The Iranian Reformers Have Won: Now Comes the Danger
The big headline today coming out of Iran of course is Ayatollah Khamenei’s ultra hardline stance, in effect laying the groundwork for a coming purge and blaming the potential bloodletting to come on the protesters (and the politicians leading it) themselves: “we had no choice but to kill you.”
Which supports a point I raised in the League’s earlier chat discussion on the Iranian election that I would like to flesh out in more detail. It comes by way of the analysis of military/insurgency theory of Col. John Boyd and 4th Generation Warfare. And it leads me to say some paradoxical things–that the Reformers have won and by winning are now in their most vulnerable (but potentially also most successful) moment yet.

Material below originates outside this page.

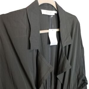 ASTR The Label Womens Tie Front Duster Trench Coat Sz M Relaxed Minimalist Olive

Boyd’s central assertion is framed in the famous OODA Loop: Observe, Orient, Decide, Act. Boyd’s thesis was that the winning side in a conflict is the one that can both increase the speed of its own OODA looping–i.e. process information faster and more clearly–while at the same time breaking the learning cycle of its enemy. Each action–done properly–leads to a new cycle of observation, orientation, and decision.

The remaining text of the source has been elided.